Ils n'ont plus rien à perdre et rien à espérer d'un retour à la vie civile. Il y a parmi eux, en particulier au GSPC, des ex-parachutistes qui tiennent des maquis en Kabylie. L'armée est hostile à l'amnistie de ces déserteurs voués à la cour martiale et sans doute à la peine capitale. Pour terminer une guerre, il faut soit gagner militairement, écraser l'ennemi - et l'armée n'y est pas parvenue jusqu'ici - soit pactiser en connaissance de cause. La première solution n'a pas réussi et la seconde est rejetée par les radicaux des deux camps. J'ajouterai que le procès de la violence reste à faire en Algérie.

Les islamistes ne sont-ils pas discrédités par les massacres qu'ils ont commis ?

En effet. Dès 1996, et surtout après les tueries de masse de 1997, le divorce s'est aggravé entre eux et la société, consommant ainsi leur échec. Mais la culture de la violence n'est pas née avec le GIA. Elle date de la conquête coloniale. La guerre de libération l'a ensuite glorifiée. Toutes les villes ont dédié un boulevard ou une avenue au colonel Amirouche, qui s'est illustré en 1956 par le massacre de 1 800 prétendus «traîtres», égorgés sous le prétexte d'économiser les balles. Quant aux salafistes, ils ont toujours justifié l'assassinat des impies par un socle doctrinal trouvé dans la charia, fût-ce au prix d'une interprétation abusive des textes. La corruption et la pauvreté - de 1980 à 1999, le PIB par habitant a chuté de 2 300 à 1640 dollars - ont contribué à rendre le mélange explosif. Cependant, l'incapacité du régime à répondre aux attentes sociales et à moraliser la vie publique n'exclut pas une nouvelle vague de révolte.

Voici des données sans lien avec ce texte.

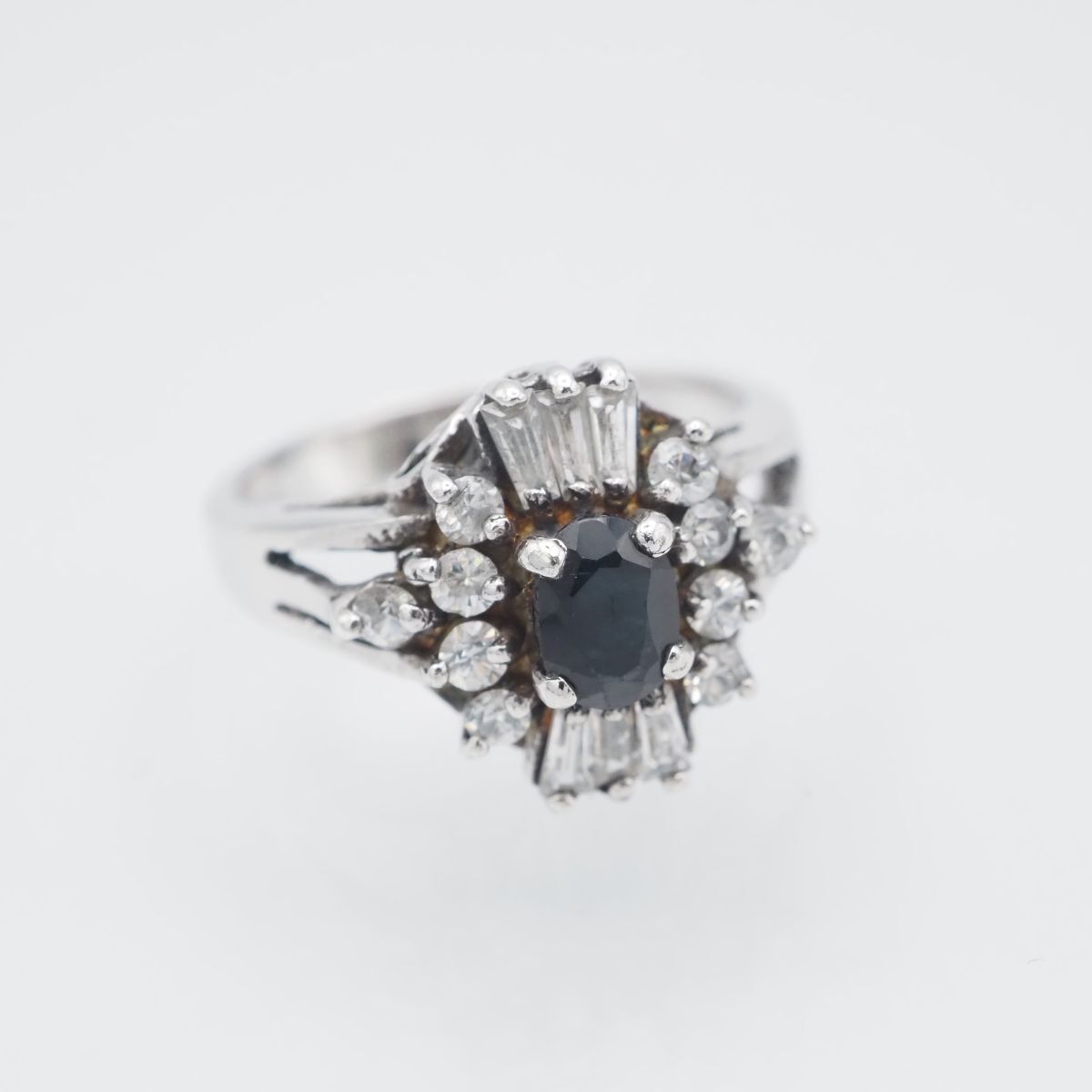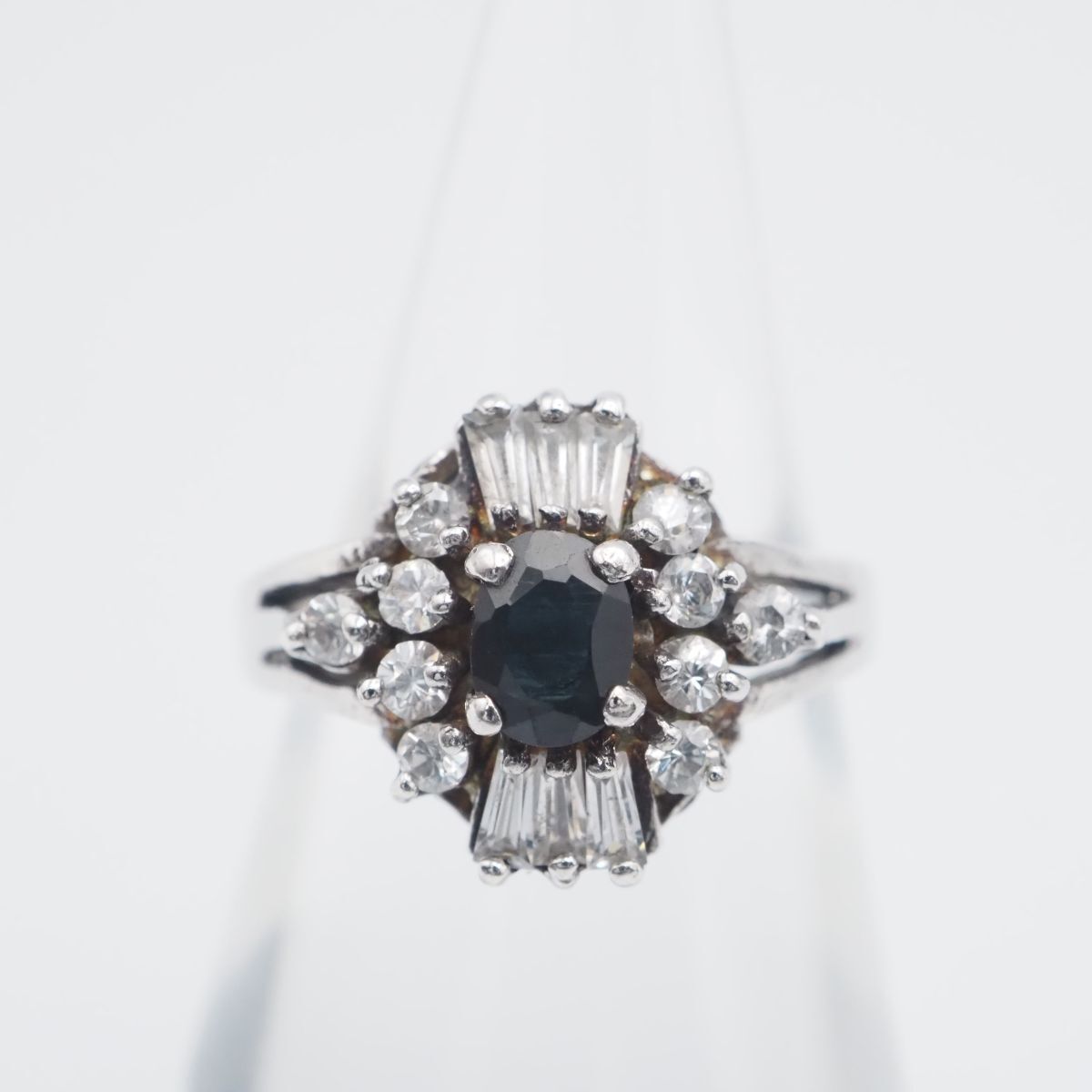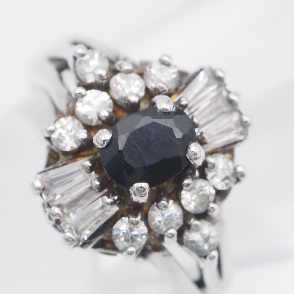 C535 サファイア? ブルースピネル? ダイヤモンド風 925刻印 リング デザイン シルバー 指輪 8号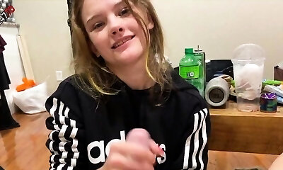 la jolie ado ash-blonde fait une fellation torride et une pipe

Bouteflika peut-il tenir ses engagements ?

Par la magie du verbe, il a réussi à ranimer l'espoir, mais, dès qu'il a voulu passer aux actes, on a vu qu'il était totalement paralysé. La révolution culturelle du changement qu'il a provoqué se heurte aux forces bénéficiaires du régime, qui veillent à l'immobilisme - garant de leurs intérêts. Il n'y a pas pire ennemi des rentes de situation que le libéralisme. Bouteflika a manqué de stratégie dans la mise en œuvre de ses intentions. Le changement reste à l'état rhétorique, sans se traduire dans les textes et les lois. Et force est de constater que le président a moins de poids que ses généraux majors. Il n'a pas été capable de muter les décideurs. Face à lui, l'état-major reste soudé.

Une lecture moderniste de l'islam est-elle possible en Algérie comme en Iran ?

En Iran, elle a réussi à se faire entendre, car elle est née au sein de la mollarchie, c'est-à-dire du clergé. En revanche, dans le monde sunnite, cette tentative est le fait de musulmans éclairés, tel l'intellectuel égyptien Nasr Hamed Abou Zeïd, qui veulent adapter l'islam à l'esprit du temps. Ils sont frappés d'ostracisme par les radicaux, acharnés à maintenir la lettre du texte. En Algérie, non seulement il n'y a pas de grands oulémas, mais la doctrine extrémiste est importée d'Egypte et d'Arabie. La révolte algérienne où se manifestait, à la fin des années 80, une alliance entre la bourgeoisie pratiquante et les pauvres n'était pas d'esprit islamiste. C'était un désir de changement. En Iran, une telle alliance a réussi à s'emparer du pouvoir uniquement parce que le chah a pris la fuite. Tous les chefs d'Etat arabes ont retenu la leçon. Quel que soit le prix à payer, ils répriment.